Telephone Screening for Hearing Loss Questioned
It sure sounds convenient. Pick up the phone, dial a number, listen to some sounds, and find out if you have a hearing loss. That's even better than the drive-through lane at your favorite fast food chain. But how good is hearing screening by telephone?
Hearing screening by telephone does alert the public to hearing loss and does convince many people to seek an in-depth hearing evaluation. But, according to the American Speech-Language-Hearing Association's (ASHA) Committee on Audiologic Evaluation, telephone hearing screening does have limitations.
Test signals are limited to frequencies below 3000 Hz (cycles per second) so that hearing at higher frequencies is not screened. Also, the physical nature of the signal that is actually heard depends on factors, such as the telephone answering machine used to conduct the tests, the telephone transmission lines, the model of telephone used by the caller, background noise, the response of the telephone for that particular call, and even the position of the telephone receiver relative to the listener's ear.
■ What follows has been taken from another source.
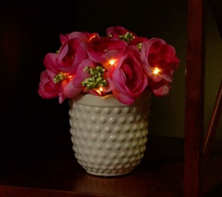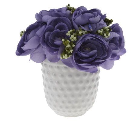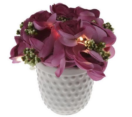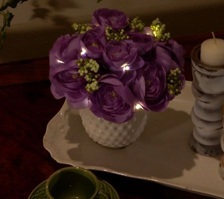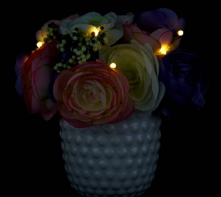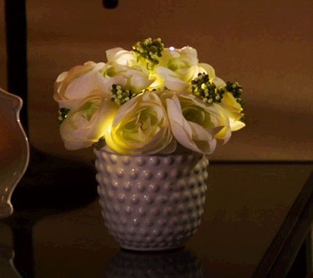 Elegant in any room, this arrangement combines fabric ranunculus flowers and clusters of petite faux berries in a textured, milky white ceramic vase. 10 LED lights glow softly, interspersed among the lovely stems. From Bethlehem Lights.

Because of these factors, two persons calling the same telephone screening number from different telephones may receive somewhat different tests. In fact, the same person using the same telephone may not receive exactly the same test each time he or she calls.
The committee also pointed out that ASHA guidelines recommend that hearing screening be conducted or supervised by an audiologist using a calibrated audiometer in a relatively quiet test environment. According to the committee's report, hearing screenings that do not comply with the ASHA guidelines are being conducted via the telephone in many geographical locations.
The committee concluded that telephone hearing screening should be viewed with caution until its validity and efficacy are demonstrated.